Ampel braucht einen Mentalitätswechsel
Das Problem: Kredite gibt es in Zeiten hoher Inflation längst nicht mehr für umsonst. Im kommenden Jahr wird der Bund wohl 40 Milliarden Euro nur für Zinsen ausgeben müssen. 40 Milliarden Euro sind mehr Geld, als das Verkehrsministerium zur Verfügung hat. Und weiteres Schuldenmachen erhöht nicht nur die Zinskosten, sondern befeuert auch die Inflation.
Es braucht deshalb jetzt einen Mentalitätswechsel. Das bedeutet, nicht immer neue Ausgabenwünsche draufzusatteln, was insbesondere für Grüne und SPD gilt.
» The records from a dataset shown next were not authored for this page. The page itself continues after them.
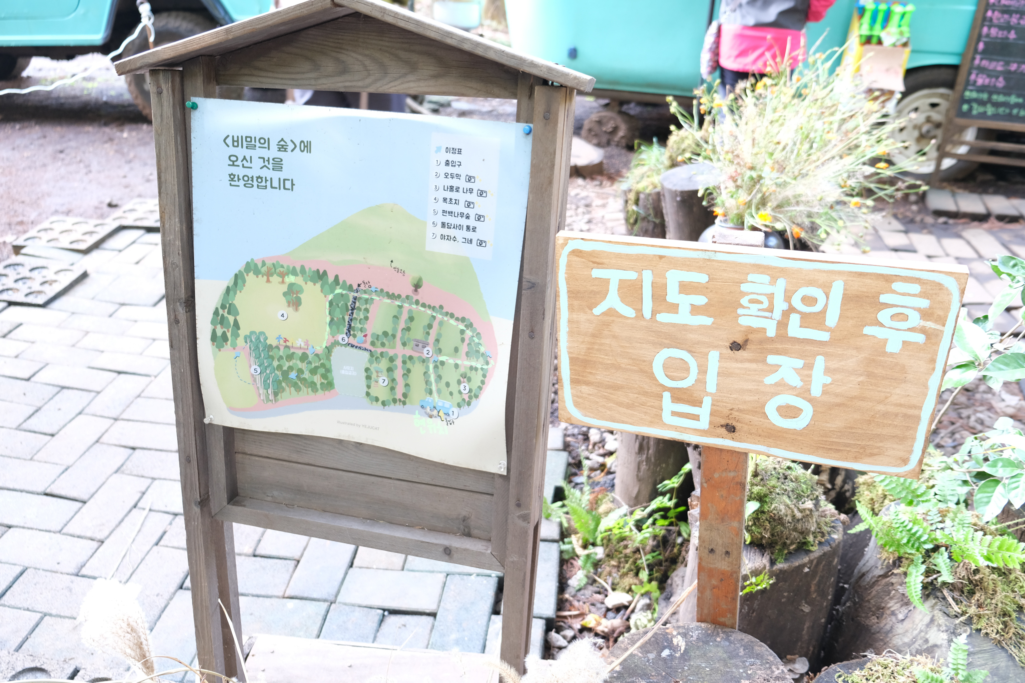 비밀의 숲으로 들어가는 입구 주변에 주차를 하고 들어갔다.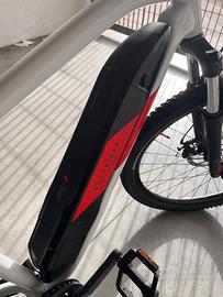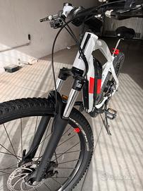 Vendo Bici MTB elettrica a pedalata assistita E-ST 100 bianco-rosso 27,5”- 380 Wh, taglia M con sellino regolabile. Motore elettrico con diverse modalità di assistenza. Batteria con ottima autonomia. La bici è in ottimo stato generale. Presenta solo qualche piccolo segno, ma niente che influisca sulle prestazioni. Sono inclusi: cavalletto, luci anteriori e posteriori e il campanello.
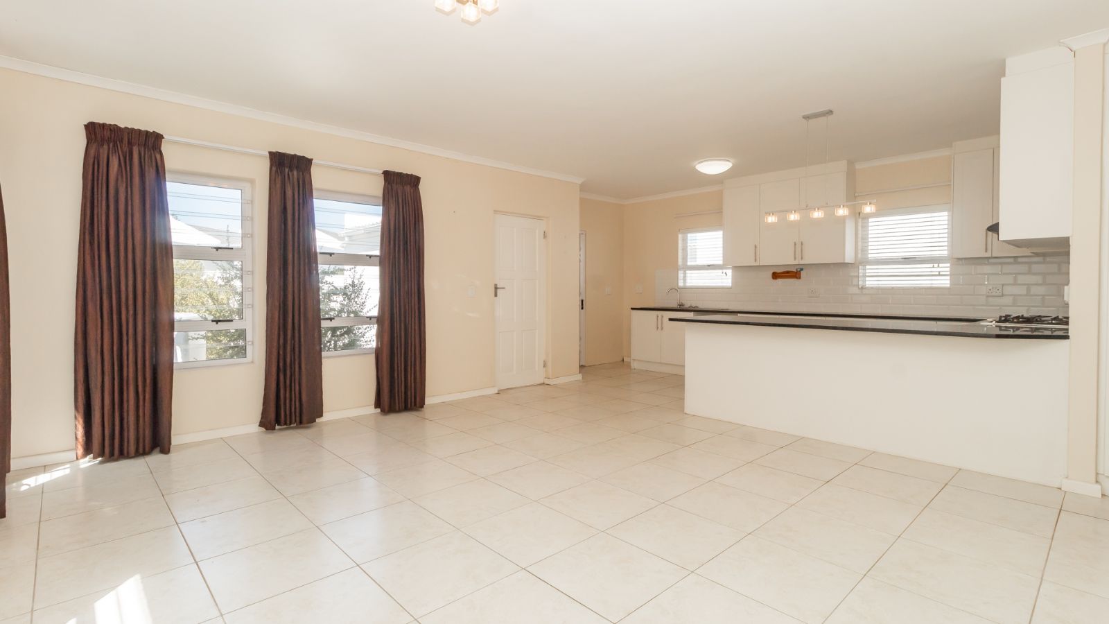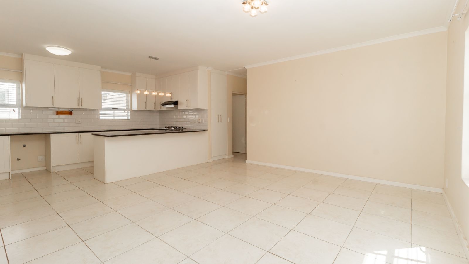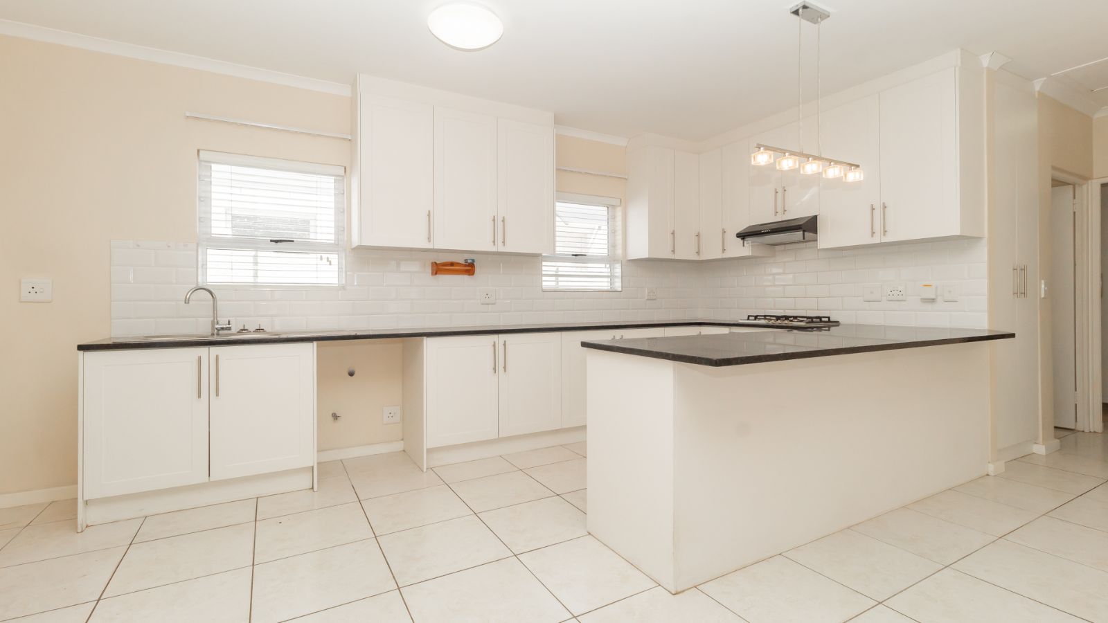 Step inside to a bright and airy open-plan living space, where the chef-inspired kitchen steals the show with sleek countertops, ample cupboard space, a gas hob, electric oven, and extractor fan. The subway-tiled backsplash adds a modern touch, making this the heart of the home.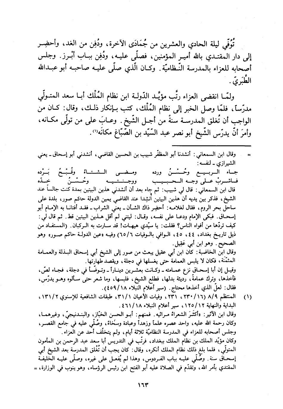 [1] المنتظم 9/ 8 (16/ 230، 231، وفيات الأعيان 1/ 31، طبقات الشافعية للإسنويّ 2/ 131، البداية والنهاية 12/ 125، سير أعلام النبلاء 18/ 461.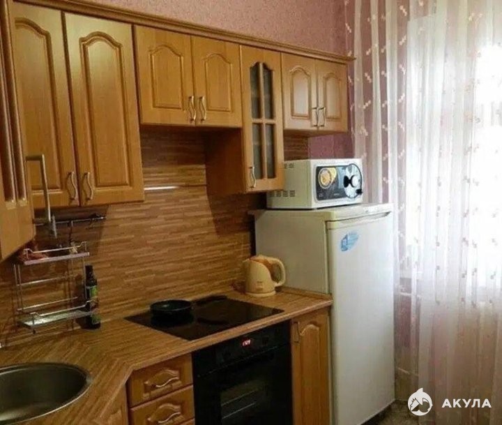 Полностью оборудованная кухня: холодильник, плита с 4 конфорками, духовка, микроволновка, электрический чайник, небольшой набор посуды.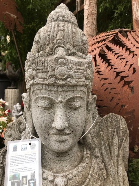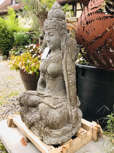 Diese wunderschöne Dewi Tara ist in jedem Garten ein Blickfang. Die Figur ist 84cm hoch und wiegt ca. 100kg.

Bürgergeld, Kindergrundsicherung, umfangreiche Staatshilfen für die Energie- und Klimawende - alles schön und gut. Man muss es sich nur leisten können.
Es ist deshalb richtig, dass Finanzminister Lindner in dieser Lage darauf pocht, dass solide gewirtschaftet wird und die Schuldenbremse tatsächlich eingehalten werden muss. Darauf hatte sich schließlich auch die Ampel in ihrem Koalitionsvertrag festgelegt - mit Kanzler Olaf Scholz an der Spitze. Vielleicht muss Scholz seinen ausgabefreudigen Kabinettskollegen klar machen, wo die Grenzen sind. Dann hätte das Warnsignal der Haushaltsverschiebung am Ende auch etwas Gutes.